EXERCISE BRIEF: Nothing after the line with "Používáme moučku z" belongs in the copy; extract the lines below from the top through that line, pictures left out.

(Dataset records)
----

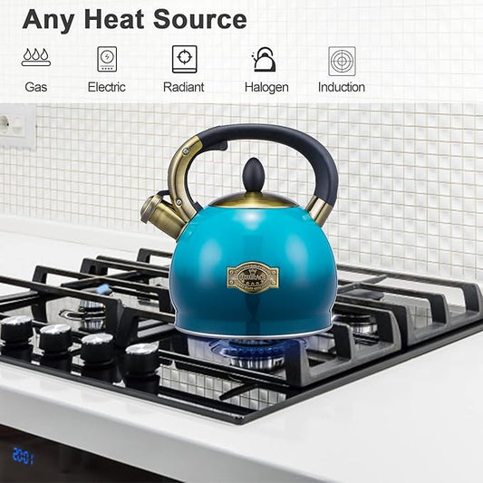 Whistling Tea Kettle Stove Top Teapot, Stainless Steel Teakettle (2.8 QUART, Blue)
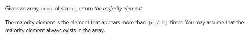 Can you solve this real interview question? Majority Element - Given an array nums of size n, return the majority element. The majority element is the element that appears more than ⌊n / 2⌋ times. You may assume that the majority element always exists
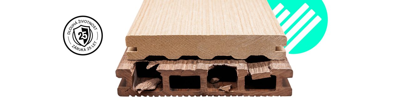 Používáme moučku z měkkého dřeva, které pochází udržitelných evropských lesů. Tato surovina dává v kombinaci s polymerem nejlepší vlastnosti WPC kompozitu. Důležitá je velikost a tvar vlákna a čistota moučky. Ve světe se také při výrobě WPC kompozitu používají drcené slupky z rýže nebo obilí případně moučka z bambusu nebo papíru.
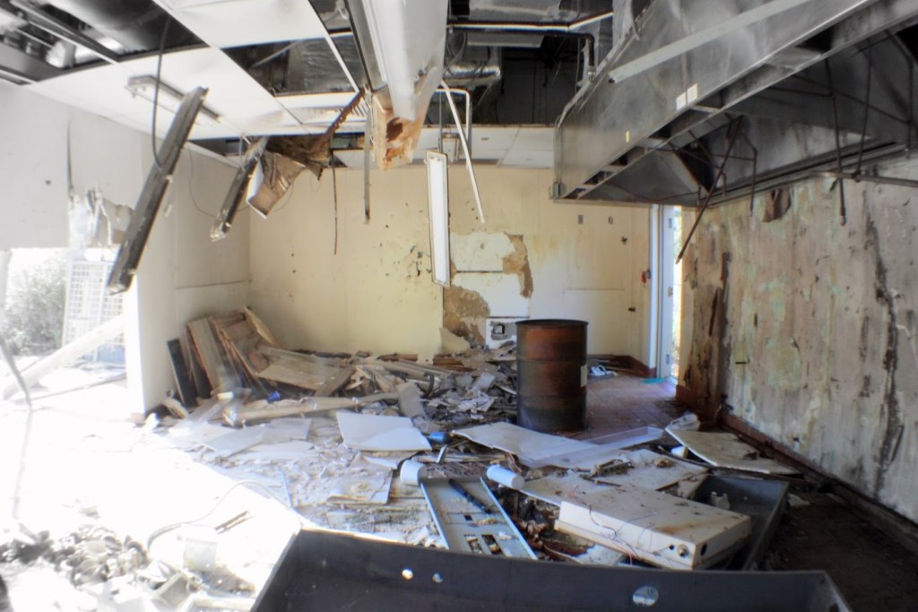 We visited the abandoned park in early February 2009. The park had been closed for five years and local kids were using it as a skate park. Most of the structures were damaged and all the office buildings were trashed.
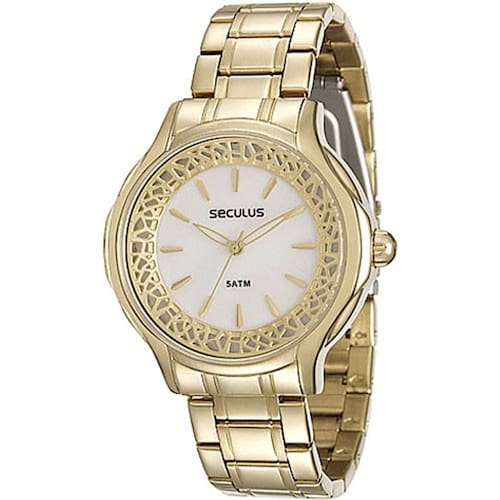 Relógio Feminino Analógico Seculus 28755LPSVDS1 Cor do Mostrador: Prata Tamanho da Caixa: 40mm Resistência à água: 5 ATM Função: Simples Cor da Pulseira: Dourada Formato da Caixa: Redonda Material da Caixa: Metal

----

WRITTEN REPLY:
 Whistling Tea Kettle Stove Top Teapot, Stainless Steel Teakettle (2.8 QUART, Blue)
 Can you solve this real interview question? Majority Element - Given an array nums of size n, return the majority element. The majority element is the element that appears more than ⌊n / 2⌋ times. You may assume that the majority element always exists
 Používáme moučku z měkkého dřeva, které pochází udržitelných evropských lesů. Tato surovina dává v kombinaci s polymerem nejlepší vlastnosti WPC kompozitu. Důležitá je velikost a tvar vlákna a čistota moučky. Ve světe se také při výrobě WPC kompozitu používají drcené slupky z rýže nebo obilí případně moučka z bambusu nebo papíru.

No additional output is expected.